Triplicate Girl (Luornu Durgo) is a superhero appearing in DC Comics, primarily as a member of the Legion of Super-Heroes in the 30th and 31st centuries. She has also had the aliases Duo Damsel, Triad, Una, Duplicate Damsel and Duplicate Girl.

Publication history
Luornu Durgo first appeared in Action Comics #276 and was created by producer Jerry Siegel and Jim Mooney.

Fictional character biography

Original continuity
Luornu Durgo, codenamed Triplicate Girl, first appeared in Action Comics #276, written by Jerry Siegel. A native of the planet Cargg, she could split into three identical bodies, as could all Carggites, due to the planet Cargg having three suns. She was the daughter of Humre and Silvou Durgo. Her costume consisted of a purple dress, orange cape and belt, and black boots.

She was the fourth hero to join the Legion of Super-Heroes, and its first non-founder member. Unlike her post–Zero Hour counterpart, Triad, she had brown eyes, not split purple/orange ones. For a long time, she had an unrequited crush on Superboy.

One of her three bodies was killed by Brainiac 5's killer creation Computo, and she was thereafter known as Duo Damsel. Her surviving two bodies continued to remember the trauma of experiencing her/their death, with the result that Computo was the one villain whom Duo Damsel was too frightened to confront.

Duo Damsel later donned a unique half orange, half purple costume which could divide with her, leaving one body wearing an orange costume and one wearing a purple costume. It was designed by a fan, Nick Pascale, who also plotted the story in which it appeared. The costume originally appeared in Adventure Comics #403 (April 1971), and was initially designed to aid her in a mission on the planet Pasnic, but the character continued to wear "splitting" costumes such as this throughout all her continuity. And an adaptation of it was designed when she became Triad and Duplicate Girl. The adaptation was even in the cartoon version of the Legion.
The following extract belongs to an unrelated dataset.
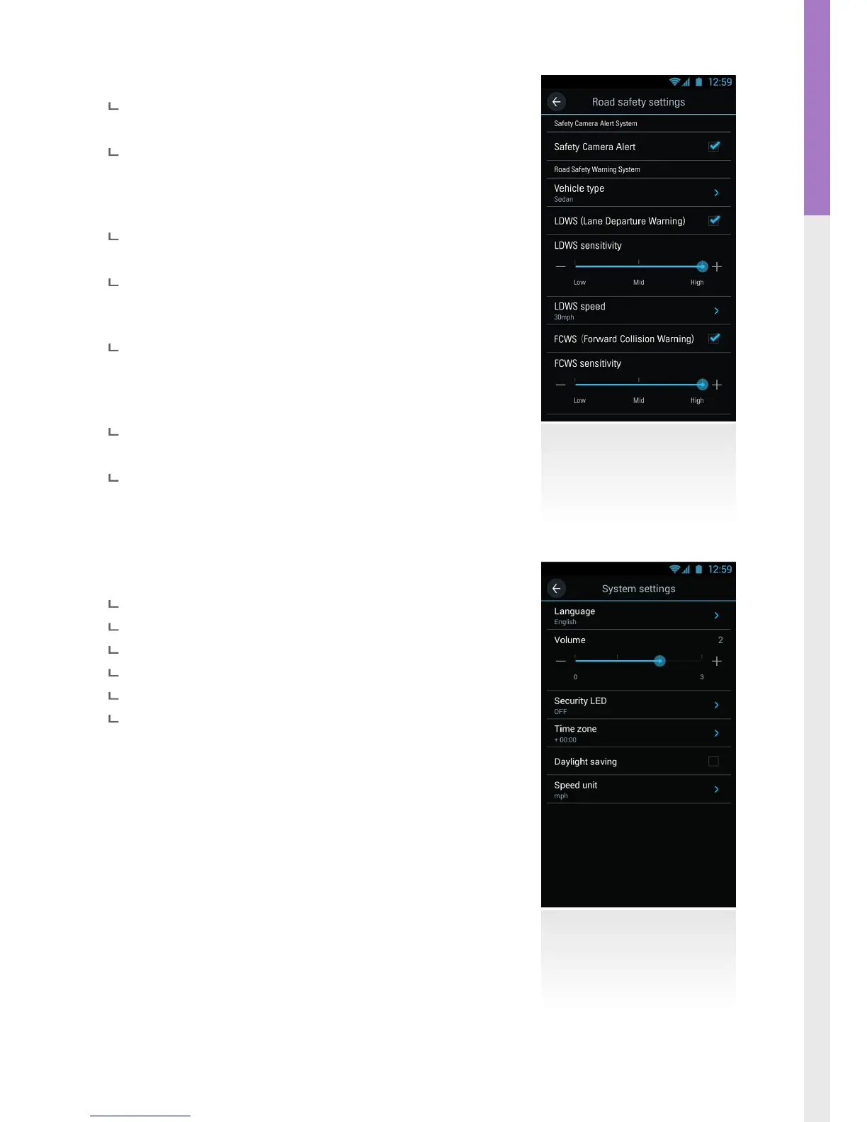 Sets the speed at which the LDWS notication is enabled. LDWS

Duo Damsel left active Legion service to become a reservist after marrying fellow Legionnaire Bouncing Boy in Superboy #200 (February 1974); after this she then appeared only sporadically.

In later years of the first Legion continuity she served as an instructor at the Legion Academy along with her husband. She suffered the death of one of her two remaining bodies battling the Time Trapper after she took part in a conspiracy to avenge the death of Superboy, which had been caused by the Trapper (after a minor reboot in 1990, it was stated that Glorith killed the second body during a conspiracy to avenge her genocidal destruction of the Daxamite race). It was revealed that Luornu's second body was still alive. This body, and the ability to duplicate herself, were restored to her, and she gained a new ability to generate force fields. This new ability was transferred to her by a special force field belt given to her by Brainiac 5 to protect her after the supposed death of her second body.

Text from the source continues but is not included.